In your search to find an API to get access to the world's cities, you've undoubtedly run across Google Places API. The Google service indeed does what it says - giving you access to all manner of places - including different levels of administrative districts, localities, businesses, and points of interest. But what happens when you just need a simple API to give you access to cities so you can say, autocomplete the city field of a user registration form? Below we compare GeoDB Cities with Google Places for this simple yet fairly common use-case.
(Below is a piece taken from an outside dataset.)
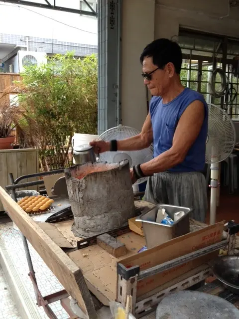 這個單看伯伯背後的兩把風扇、他戴的太陽眼鏡,還有炭爐噼噼啪啪迸飛著的點點星火就會了解。

For this comparison, we will use the following example: Let's say the user just entered the letters 'Los' and you want to fill your dynamic autocomplete widget with a list of top ten possible cities sorted by population, descending.
The API Call
GeoDB
GET https://wft-geo-db.p.rapidapi.com/v1/geo/cities?namePrefix=Los&sort=-population&limit=10
GeoDB neatly returns the top ten results, sorted as requested, in a single call.
Google Places
GET https://maps.googleapis.com/maps/api/place/autocomplete/json?input=Los&types=cities
Google Places doesn't appear to offer a way to sort cities by population. Instead, it relies on an optional location restriction to give you more relevant results. (This way of restricting city results is also supported by GeoDB.) However, what if your location is the whole world (if say the user is searching for vacation destinations)?
We conclude that based on the existing Google Place Autocomplete docs, it doesn't seem currently possible to use the Google API to implement the above use-case in a single call.
Pricing
GeoDB
GeoDB offers a simple pricing model with generous request limits per tier. Specifically:
- Pro Tier, $10/month: 200,000 requests/day
- Ultra Tier, $25/month: 1 million requests/day
This applies to any API endpoint.
Google Places
Good luck figuring out how much you'll pay here, but even a cursory look at Google's convoluted pricing page should make it clear you'll be paying through the nose for usage that's anywhere close to GeoDB's 1st-level Pro Tier plan. Keep in mind that you'll likely want to get place details after making the initial autocomplete request. The Google place-details call falls under a separate and even more expensive pricing model.
Conclusion
In summary, with GeoDB, you get the cities you want, sorted in the way you want, and with minimal cost. In addition, we even offer a way to host your own GeoDB instance internally, so you have full control over the service within your own IT infrastructure. Don't let yourself be taken advantage of by big corporate giants who think you have no choice but to depend on their bloated over-priced APIs.